Employment Rights Bill
This week, Kemi Badenoch, the Leader of the Opposition, accused the Prime Minister of arrogance and misleading the House in relation to the new Employment Rights Bill. The Employment Rights Bill was introduced to parliament on the 10th of October 2024 by The Rt Hon Jonathan Reynolds MP for Stalybridge and Hyde. It is currently at report stage, where the whole House can comment on and debate its provisions.
The bill hopes to address a number of different issues, including zero hours contracts, flexible working, statutory sick pay, family leave, protection from harassment, unfair dismissal, fire and rehire, sectoral collective bargaining, trade unions and enforcement.
In a joint statement, Deputy Prime Minister Rt Hon Angela Rayner MP, and Rt Hon Jonathan Reynolds MP, Secretary of State for Business and Trade said: “The bill turns the page on the conflictual approach to industrial relations that hit workers, public services and taxpayers.”
In this week’s PMQs the Leader of the Opposition asked the Prime Minister whether, if the bill fails his growth test, “Will he drop it?”
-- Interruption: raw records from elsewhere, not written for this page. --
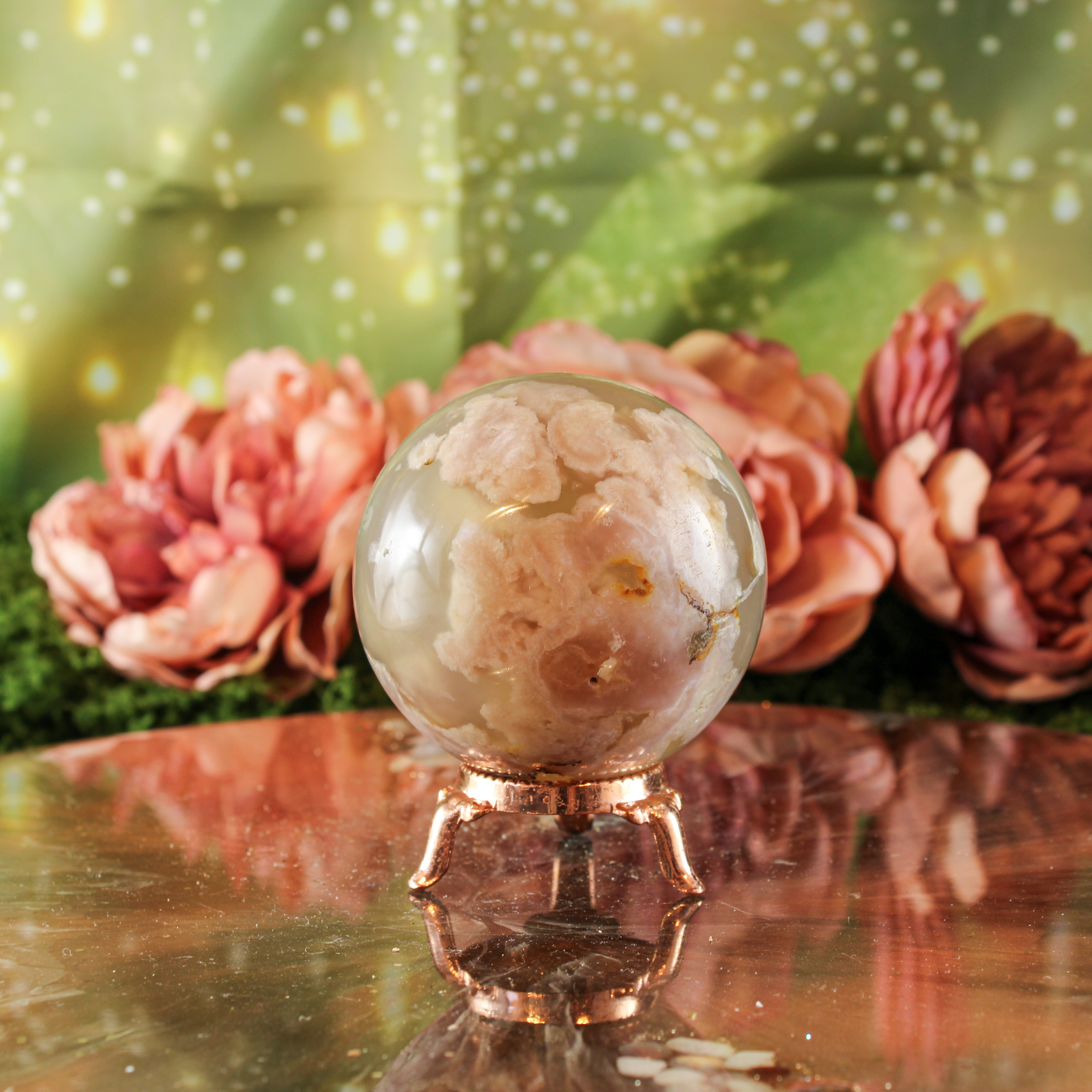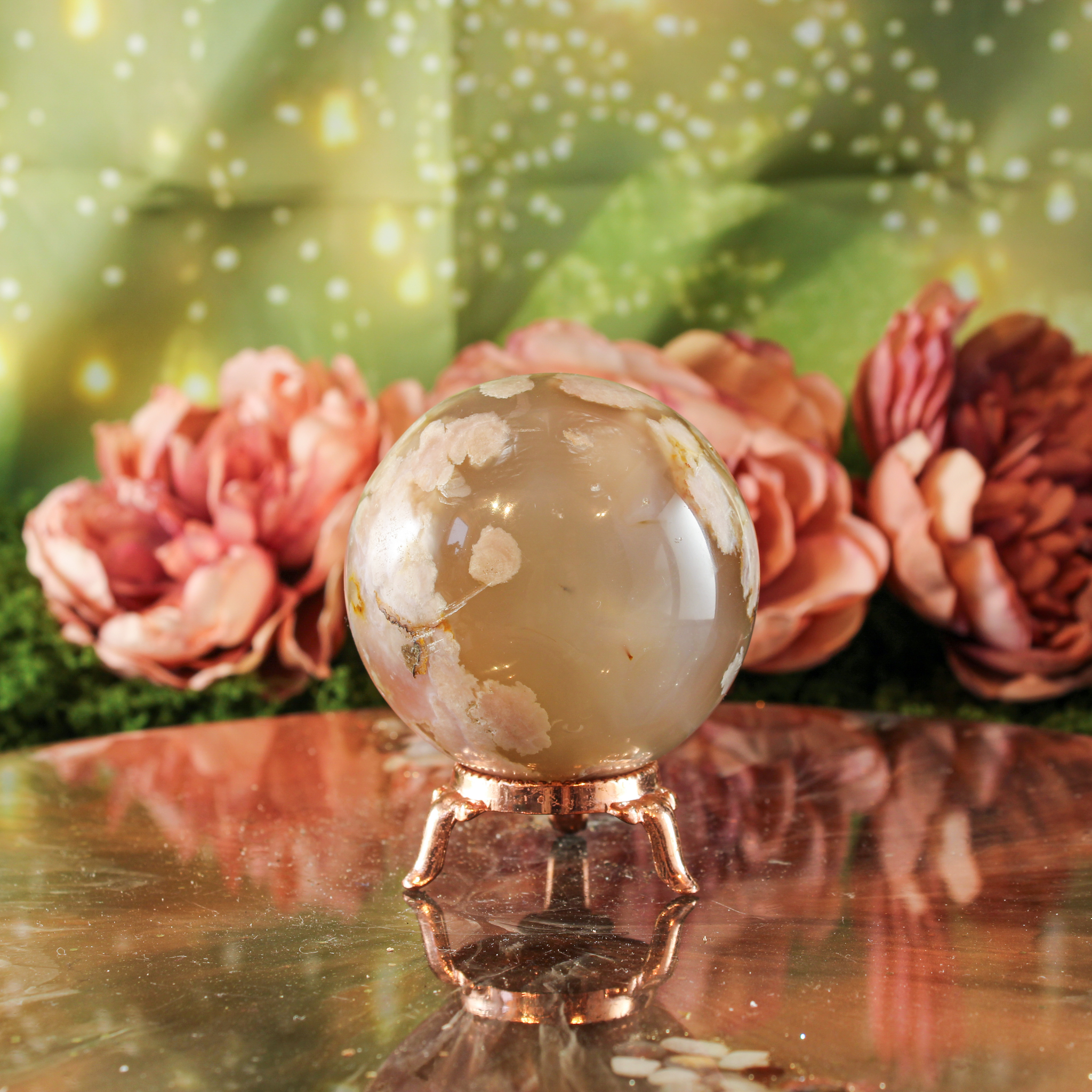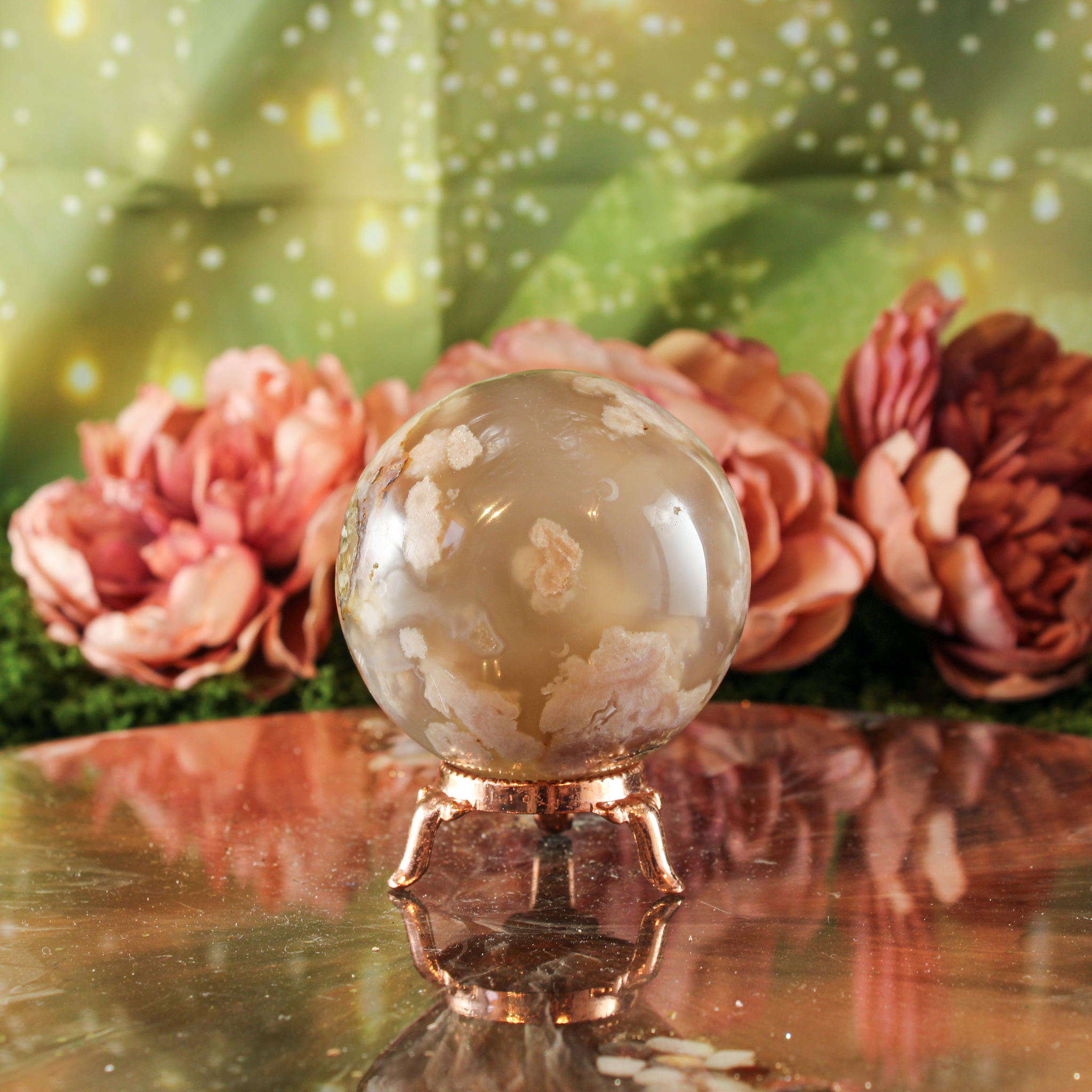 De bolvorm geeft deze bloemagaat een extra fijne symboliek. Een bol staat voor heelheid, harmonie en balans. Omdat een bol energie gelijkmatig in alle richtingen verspreidt, kiezen veel mensen een edelstenen bol wanneer ze een rustige, zachte energie in een ruimte willen brengen. Het voelt alsof de steen je helpt om meer in het midden te blijven, met een kalme en stabiele basis.
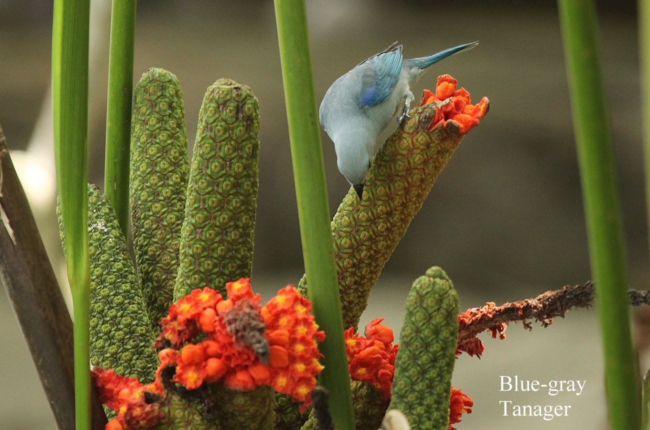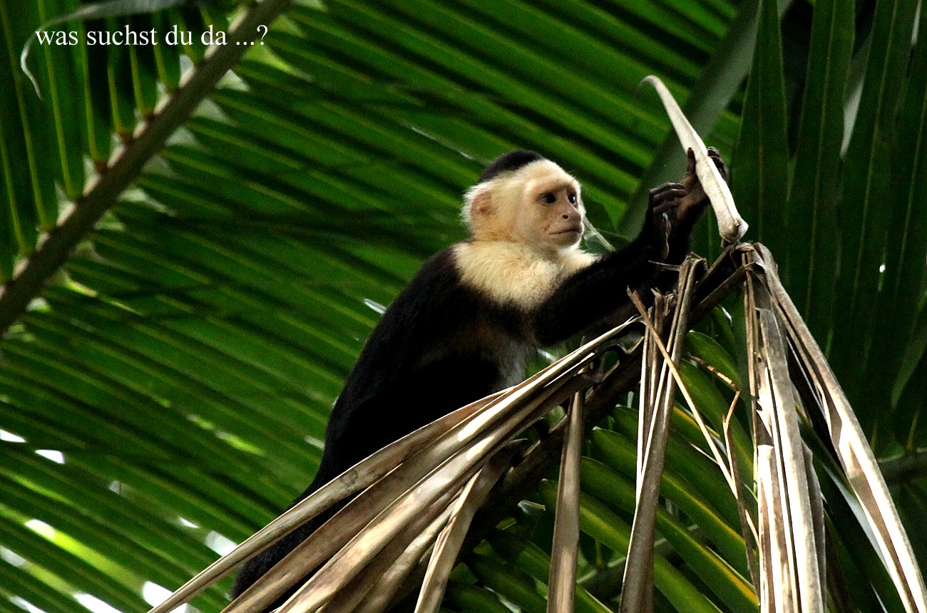 Wir blieben bis 9:45 h gemütlich sitzen. Hin und wieder flog ein Vögelchen kurz vorbei, Kolibris und einmal ein Blue-gray Tanager. Auch die Kapuziner-Äffchen tauchten wieder auf. |
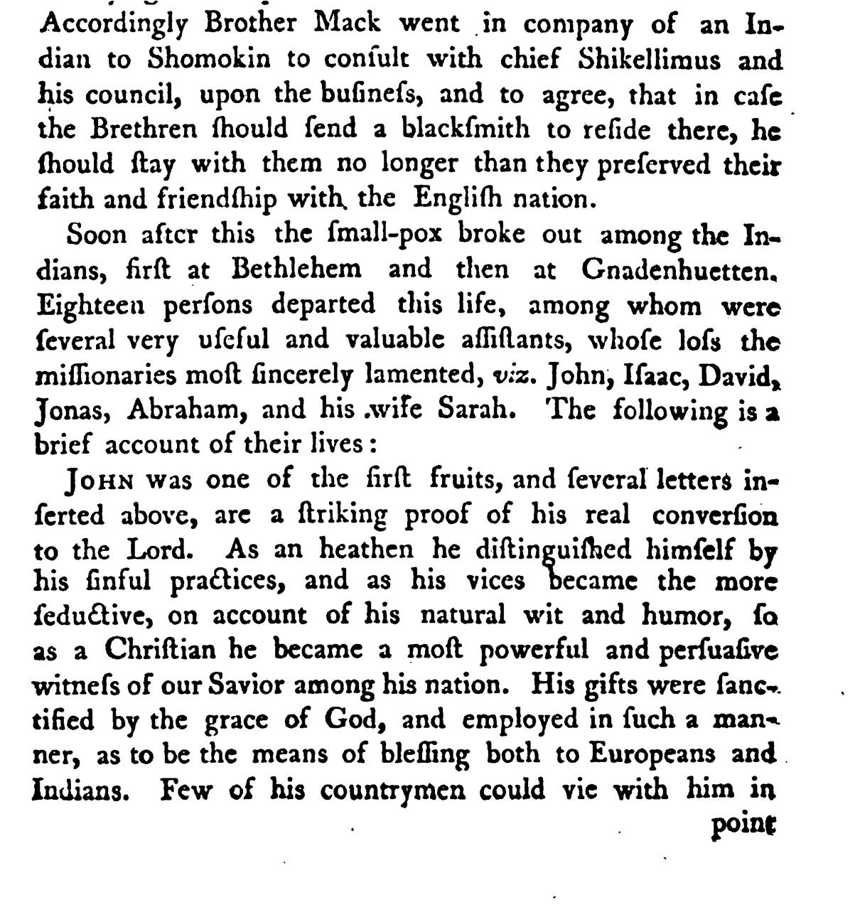 “One day a gentleman, passing through Shekomeko, called on the Count, and entered into a dispute with him concerning the person of the Son of God. The Indian, John, who was lying on the floor, ill, began to pray that Jesus Christ would reveal Himself to the gentleman, and when he was gone, John exclaimed, ” Oh, how will this man be ashamed, when he learns to know the Lord Jesus.” During the Count’s visit to this place, six more individuals were baptized, and thus the first congregation of believing Indians, established by the brethren in North America, consisted of ten persons. Their sincerity, faith, and love afforded inexpressible joy to the brethren; and they were treated with esteem, in a remarkable manner, even by the wildest savages.
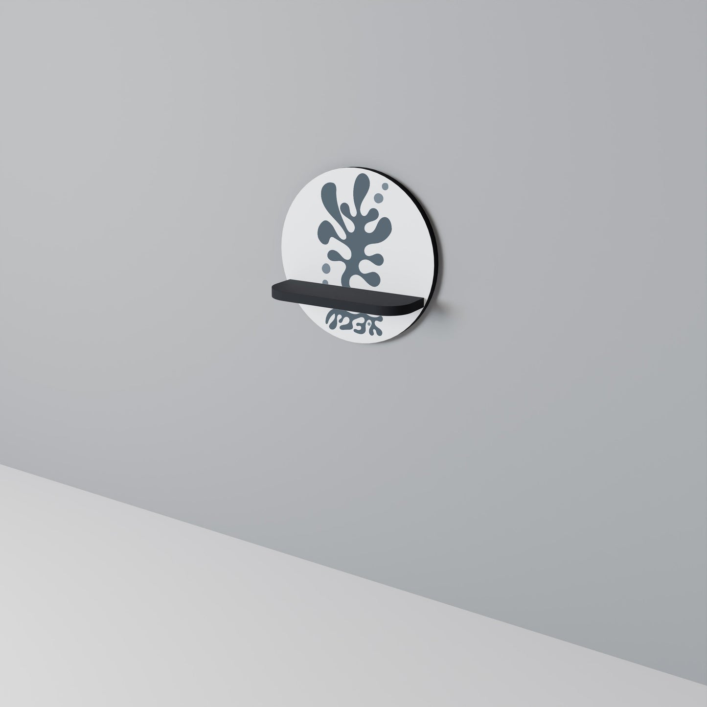 The shelf captivates with its smooth, round shape, adding a sense of balance and sophistication to any space. The deep black finish introduces a touch of contemporary elegance and visual contrast, making it a striking addition to both minimalist and industrial-style interiors.
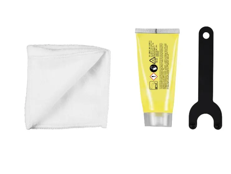Meegeleverde accessoires: 1 extra handgreep (voorgemonteerd), 1 diepte-aanslag (voorgemonteerd), 1 schroevendraaier voor behuizingafdekking, 1 tube smeervet (50 g), 1 doek
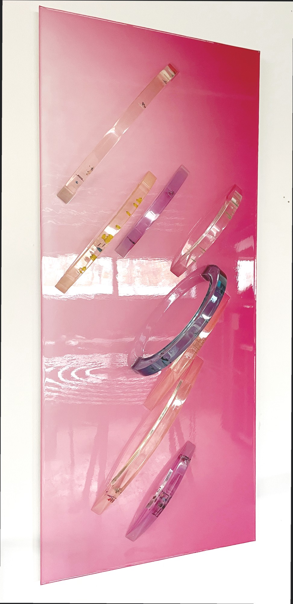 - Epoxy resin, acrylic paintings on overhead transparency, acrylic plate
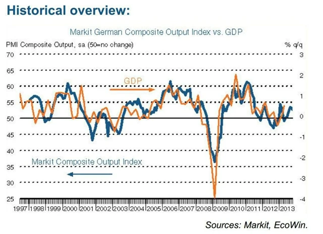 Zpracovatelský sektor v Německu v říjnu expandoval více, než se čekalo. Index vyskočil na 51,7 bodu z 51,1 bodu v září, přestože předběžné odhady počítaly jen s růstem na 51,5 bodu. Sektor v říjnu vykázal růst produkce šestý měsíc v řadě, mírně se zlepšily i nové zakázky, zatímco zaměstnanost v sektoru mírně klesla. Index nákupních manažerů ve službách v říjnu klesl na 52,9 bodu z 53,7 bodu v září. Čekal se však větší pokles. Kompozitní index zůstal stejný jako v září. Dosáhl 53,2 bodu.
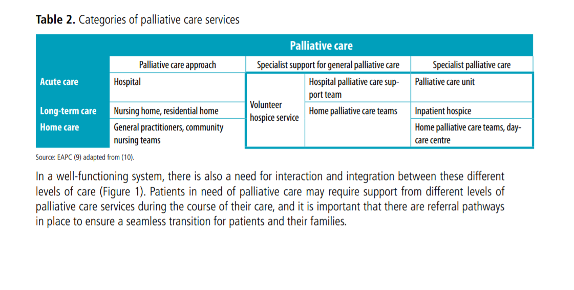 Este important de reținut că serviciile de îngrijire paliativă la diferite niveluri îndeplinesc în cele din urmă o funcție importantă ca parte a unui sistem cuprinzător de îngrijiri paliative.

Badenoch claimed that the bill will make it harder to hire new people, increase costs of sick pay and give more power to the trade unions. Proposing an alternative American/Argentinian-style approach of “taking a chainsaw to regulations,” she insisted “It is business that creates growth. Our economy is built by entrepreneurs, risk-takers and the hard graft of working people.”
The Prime Minister responded that “good work rights are consistent with growth” elaborating, “It is good for working people, and it is good for the economy.”
Regarding the bill, one HR Consultancy company stated in October 2024 that it may lead to fewer people being hired as its proposal for employees to have unfair dismissal rights from their first day could be “too risky” in the context of recruiting new employees.
The government’s economic analysis of their Employment Rights Bill concludes: “Economic growth is driven by getting more people into work and making them more productive. As laid out, employment rights can increase workforce participation, and productivity, and therefore support economic growth.”
UK-EU Relations
This week the Leader of the Liberal Democrats, Sir Ed Davey, called on the Prime Minister to “open negotiations for the UK to join the Pan-Euro-Mediterranean Convention.” Sir Ed Davey expressed the belief that joining this union of nations would support the removal of “the growth-damaging trade barriers” set up by the Conservatives.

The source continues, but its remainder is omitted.